# Corsair Scimitar Elite compatibility issues



## Woden (Aug 11, 2021)

Hello, I have recently decided to choose FreeBSD for my development project, I require the use of this particular mouse for the entire project and it is a shame if it is not to work, I really wish to use and learn this system.

May help be provided on the setting up of it? If there are no drivers how may I request that they are developed or if need be, develop them myself? This is of paramount importance to this project and I would appreciate any help even if it involves a little work on my part. Thank you very much in advance.


----------



## Woden (Aug 11, 2021)

I need to expand that this works as a normal functioning mouse after reconnecting it however the buttons on the left of it have no function it seems. They should, when pressed output the pressed number, like a keyboard yet they don't. Now then, it's further clear that I don't necessarily require that they function this way, I merely require the ability to read the input from the buttons of the mouse in some sort of C or C++ program so another option is guiding me towards the documentation to deal with such things. Thank you again.


----------



## PMc (Aug 11, 2021)

Woden said:


> I need to expand that this works as a normal functioning mouse


So the mouse actually works? Fine.



Woden said:


> after reconnecting it however the buttons on the left of it have no function it seems. They should,


No they shouldnt. We dont dial phone numbers on the mouse.

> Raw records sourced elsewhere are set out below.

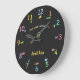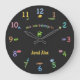 Personalize um relógio analógico divertido "a que este zoológico pertence" com números e pontos coloridos brilhantes e pequenos animais de zoológico fofos.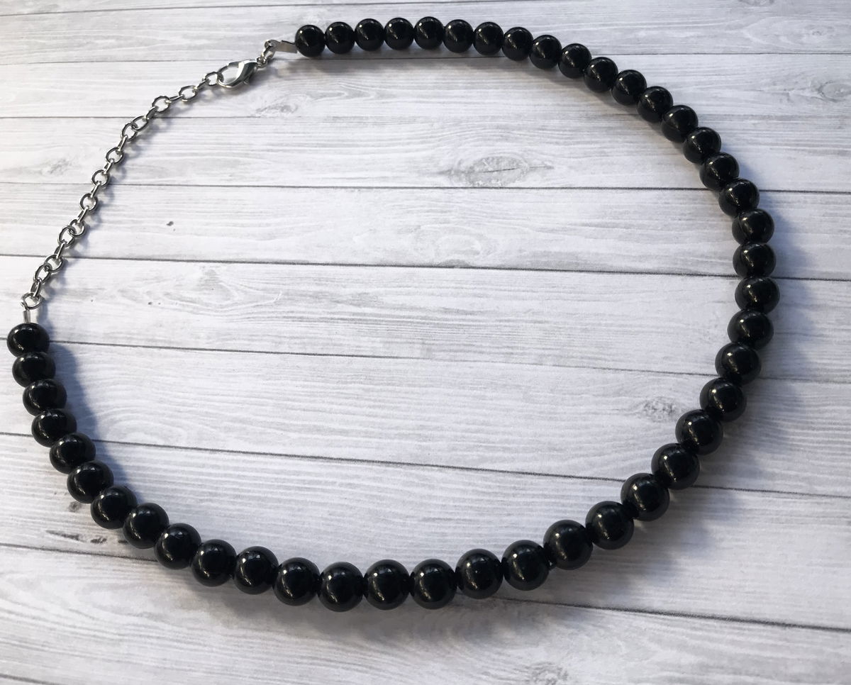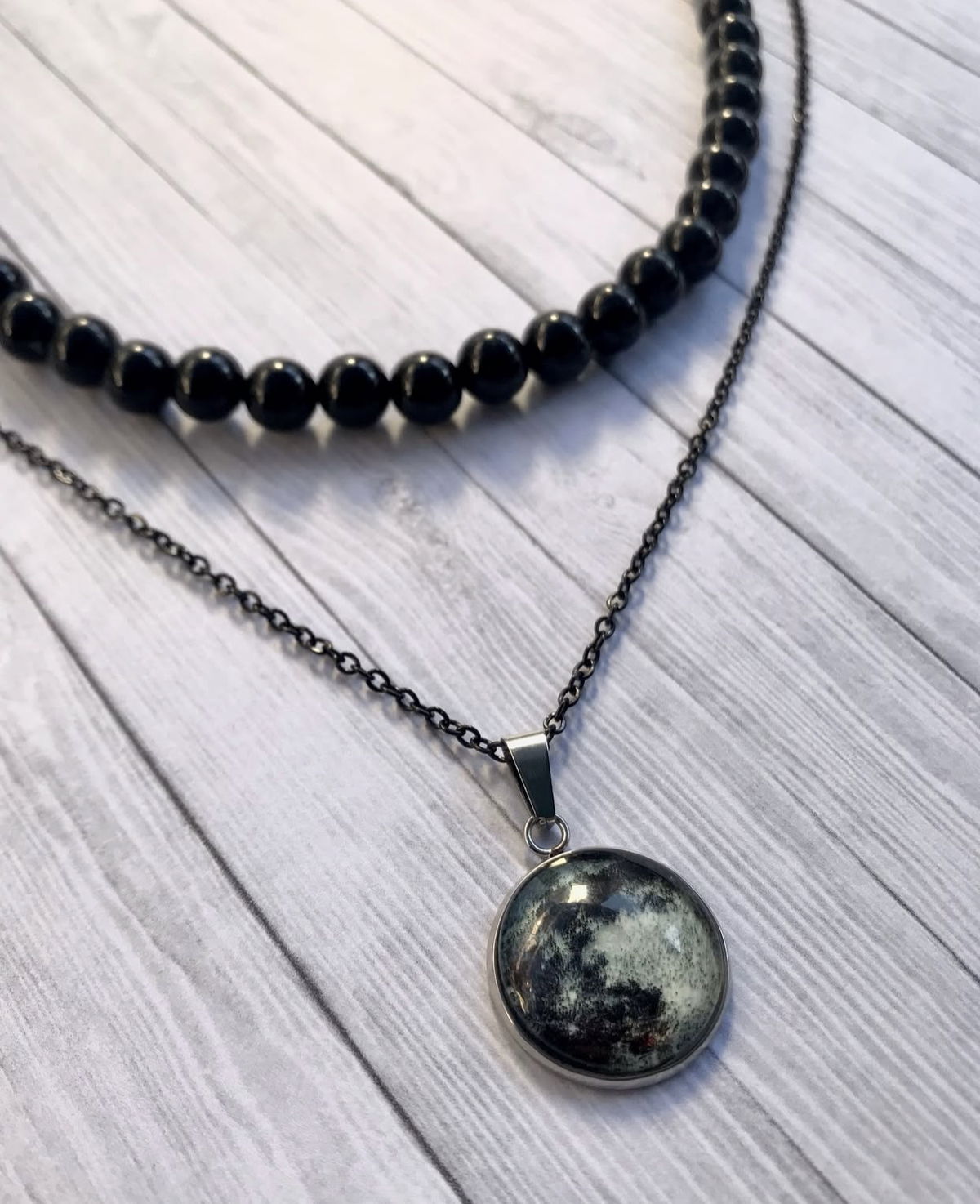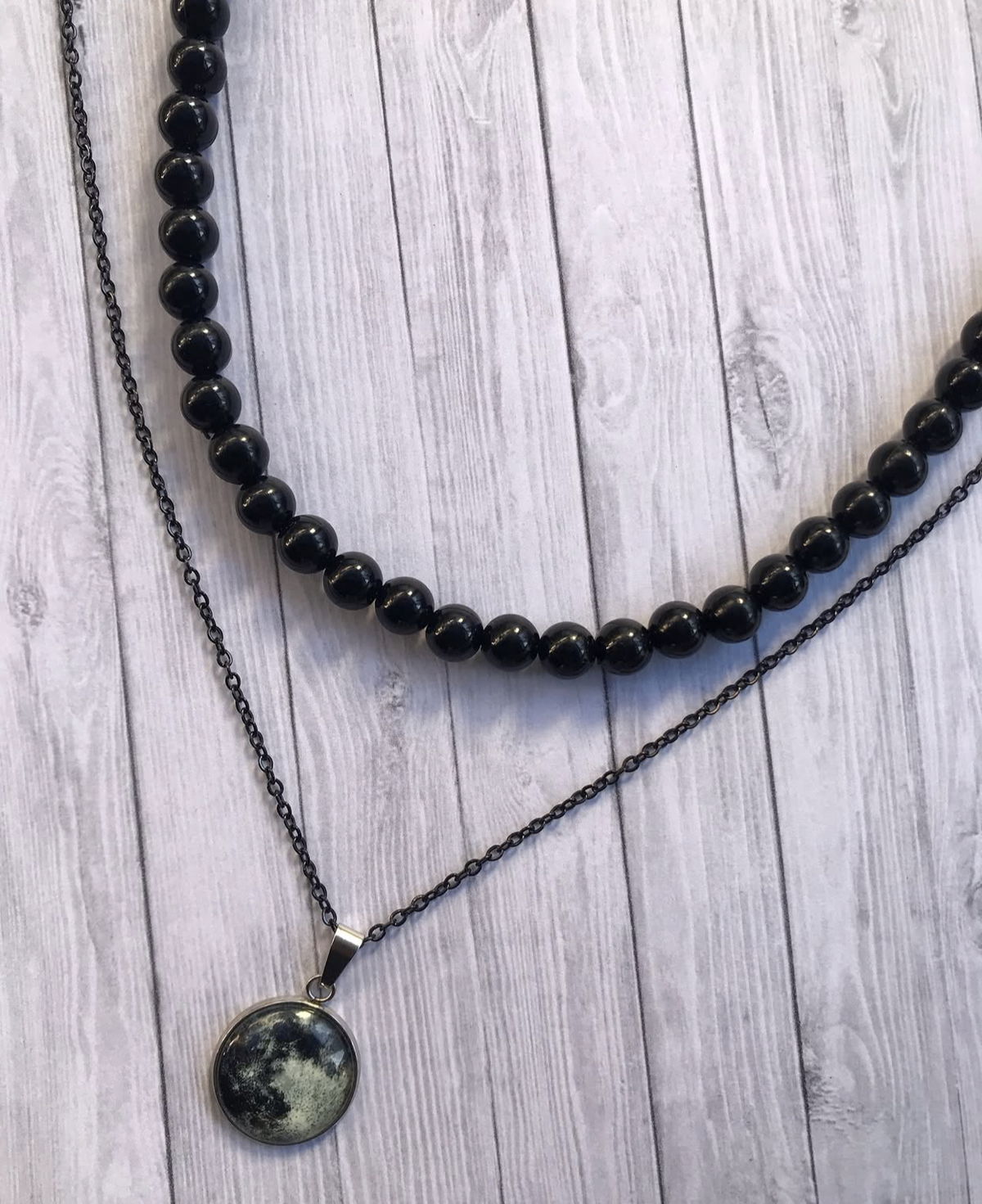 Cadena de acero negra con luna que brilla en la oscuridad + collar de cuentas negras.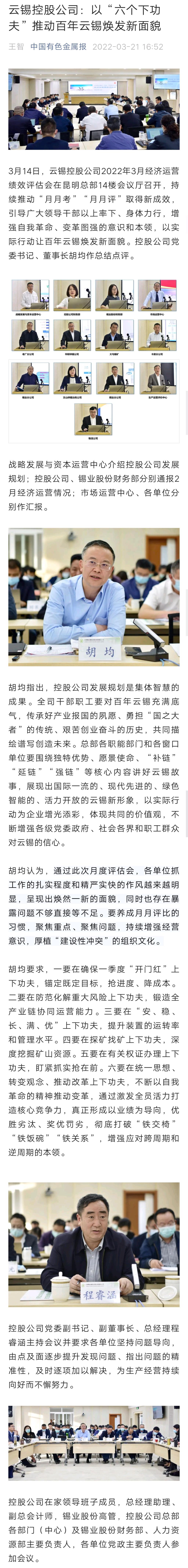 中國有色金屬報:云錫控股公司:以“六個下功夫”推動百年云錫煥發新面貌
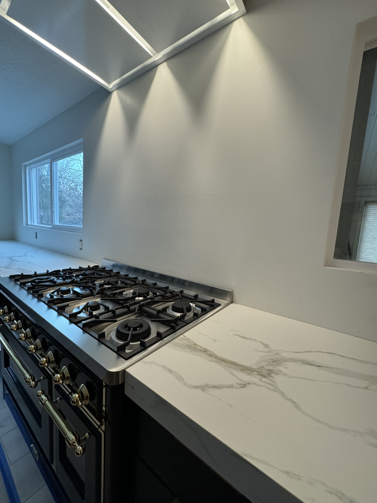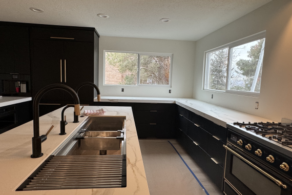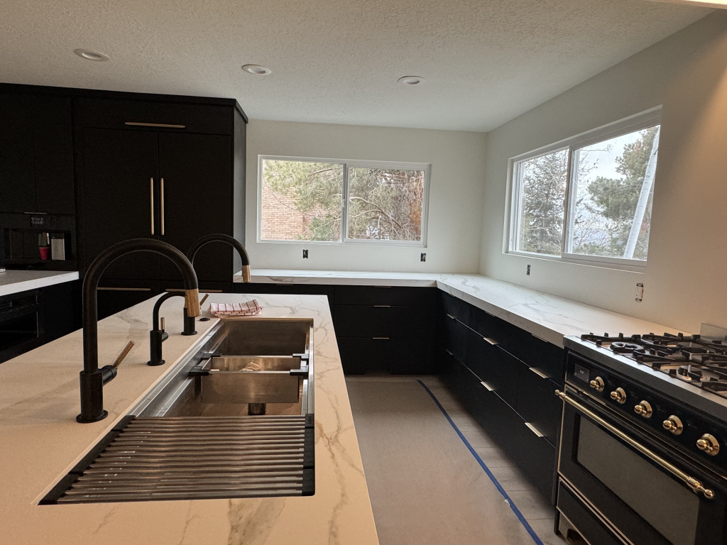 We completed a comprehensive interior update that transformed a Sandy home’s main living level. We moved the kitchen to a new areas and added new floors, paint, porcelain counter tops, a 5ft sink and high-end appliances and finishes. This level received a top to bottom renovation. As the general contractor, we managed the entire project from structural changes to modernizing the layout, and installing the fixtures. Our team then applied a fresh coat of paint throughout the home, delivering a stunning, cohesive finish that perfectly reflected the homeowner’s vision.

But you can certainly code a necessary driver if you need it. You could start by looking into another driver for other mouses for another OS, ratbag.


----------



## Woden (Aug 11, 2021)

PMc said:


> No they shouldnt. We dont dial phone numbers on the mouse.


We do however because this particular mouse is a mouse with numerical buttons, you know, one of those mmorpg mice.





That wasn't particularly helpful and I don't know why you felt the need to respond, especially in such an obnoxious way. Anyway, the mouse is not functioning properly since 12 of its buttons are not functioning correctly, no need to be snarky. I'm sure there's some roleplaying club somewhere you can stink up where that attitude is commonplace, why respond? Some of us have wives, children and lives to fulfill beyond sitting at a computer all day. Such elitism speaks of internal projection and I'm sure your life is going dandy with an attitude like that.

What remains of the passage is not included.